Our previous blog post, Designing and Deploying Cisco AI Spoofing Detection, Part 1: From Device to Behavioral Model, introduced a hybrid cloud/on-premises service that detects spoofing attacks using behavioral traffic models of endpoints. In that post, we discussed the motivation and the need for this service and the scope of its operation. We then provided an overview of our Machine Learning development and maintenance process. This post will detail the global architecture of Cisco AISD, the mode of operation, and how IT incorporates the results into its security workflow.
Since Cisco AISD is a security product, minimizing detection delay is of significant importance. With that in mind, several infrastructure choices were designed into the service. Most Cisco AI Analytics services use Spark as a processing engine. However, in Cisco AISD, we use an AWS Lambda function instead of Spark because the warmup time of a Lambda function is typically shorter, enabling a quicker generation of results and, therefore a shorter detection delay. While this design choice reduces the computational capacity of the process, that has not been a problem thanks to a custom-made caching strategy that reduces processing to only new data on each Lambda execution.

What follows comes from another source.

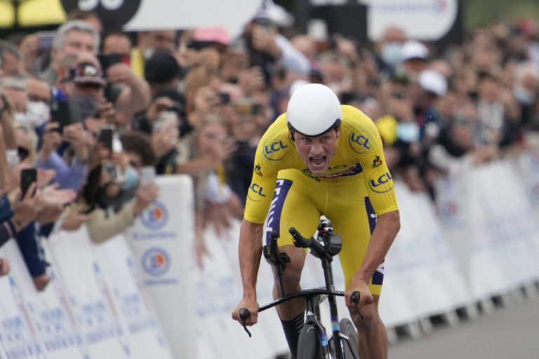 Holanďan Mathieu Van Der Poel v žltom drese prechádza cieľom 5. etapy Tour de France 2021, ktorou bola časovka na 27,2 kilometra zo Changé do Laval. 30. júna 2021 Foto: SITA/AP.
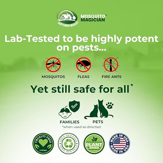 - KILLS MOSQUITOES, FLEAS & FIRE ANTS – Mosquito Magician Liquid Concentrate is LABORATORY TESTED to kill 100% of mosquitoes, fleas, and fire ants within 24 hours. Perfect for large outdoor spaces like yards, patios, and lawns, it’s an effective mosquito yard spray and mosquito treatment for yard. It also works with Sprinkler Magician automated Smart Yard Systems. (Lab test reports are available upon request.)

Global AI Spoofing Detection Architecture Overview
Cisco AISD is deployed on a Cisco DNA Center network controller using a hybrid architecture of an on-premises controller tethered to a cloud service. The service consists of on-premises processes as well as cloud-based components.
The on-premises components on the Cisco DNA Center controller perform several vital functions. On the outbound data path, the service continually receives and processes raw data captured from network devices, anonymizes customer PII, and exports it to cloud processes over a secure channel. On the inbound data path, it receives any new endpoint spoofing alerts generated by the Machine Learning algorithms in the cloud, deanonymizes any relevant customer PII, and triggers any Changes of Authorization (CoA) via Cisco Identity Services Engine (ISE) on affected endpoints.
The cloud components perform several key functions focused primarily on processing the high volume data flowing from all on-premises deployments and running Machine Learning inference. In particular, the evaluation and detection mechanism has three steps:
- Apache Airflow is the underlying orchestrator and scheduler to initiate compute functions. An Airflow DAG frequently enqueues computation requests for each active customer to a queuing service.
- As each computation request is dequeued, a corresponding serverless compute function is invoked. Using serverless functions enables us to control compute costs at scale. This is a highly efficient multi-step, compute-intensive, short-running function that performs an ETL step by reading raw anonymized customer data from data buckets and transforming them into a set of input feature vectors to be used for inference by our Machine Learning models for spoof detection. This compute function leverages some of cloud providers’ common Function as a Service architecture.
- This function then also performs the model inference step on the feature vectors produced in the previous step, ultimately leading to the detection of spoofing attempts if they are present. If a spoof attempt is detected, the details of the finding are pushed to a database that is queried by the on-premises components of Cisco DNA Center and finally presented to administrators for action.
Figure 1 captures a high-level view of the Cisco AISD components. Two components, in particular, are central to the cloud inferencing functionality: the Scheduler and the serverless functions.
The Scheduler is an Airflow Directed Acyclic Graph (DAG) responsible for triggering the serverless function executions on active Cisco AISD customer data. The DAG runs at high-frequency intervals pushing events into a queue and triggering the inference function executions. The DAG executions prepare all the metadata for the compute function. This includes determining customers with active flows, grouping compute batches based on telemetry volume, optimizing the compute process, etc. The inferencing function performs ETL operations, model inference, detection, and storage of spoofing alerts if any. This compute-intensive process implements much of the intelligence for spoof detection. As our ML models get retrained regularly, this architecture enables the quick rollout—or rollback if needed—of updated models without any change or impact on the service.
The inference function executions have a stable average runtime of approximately 9 seconds, as shown in Figure 2, which, as stipulated in the design, does not introduce any significant delay in detecting spoofing attempts.
Cisco AI Spoofing Detection in Action
In this blog post series, we described the internal design principles and processes of the Cisco AI Spoofing Detection service. However, from a network operator’s point of view, all these internals are entirely transparent. To start using the hybrid on-premises/cloud-based spoofing detection system, Cisco DNA Center Admins need to enable the corresponding service and cloud data export in Cisco DNA Center System Settings for AI Analytics, as shown in Figure 3.
Once enabled, the on-prem component in the Cisco DNA Center starts to export relevant data to the cloud that hosts the spoof detection service. The cloud components automatically start the process for scheduling the model inference function runs, evaluating the ML spoofing detection models against incoming traffic, and raising alerts when spoofing attempts on a customer endpoint are detected. When the system detects spoofing, the Cisco DNA Center in the customer’s network receives an alert with information. An example of such a detection is shown in Figure 4. In the Cisco DNA Center console, the network operator can set options to execute pre-defined containment actions for the endpoints marked as spoofed: shut down the port, flap the port, or re-authenticate the port from memory.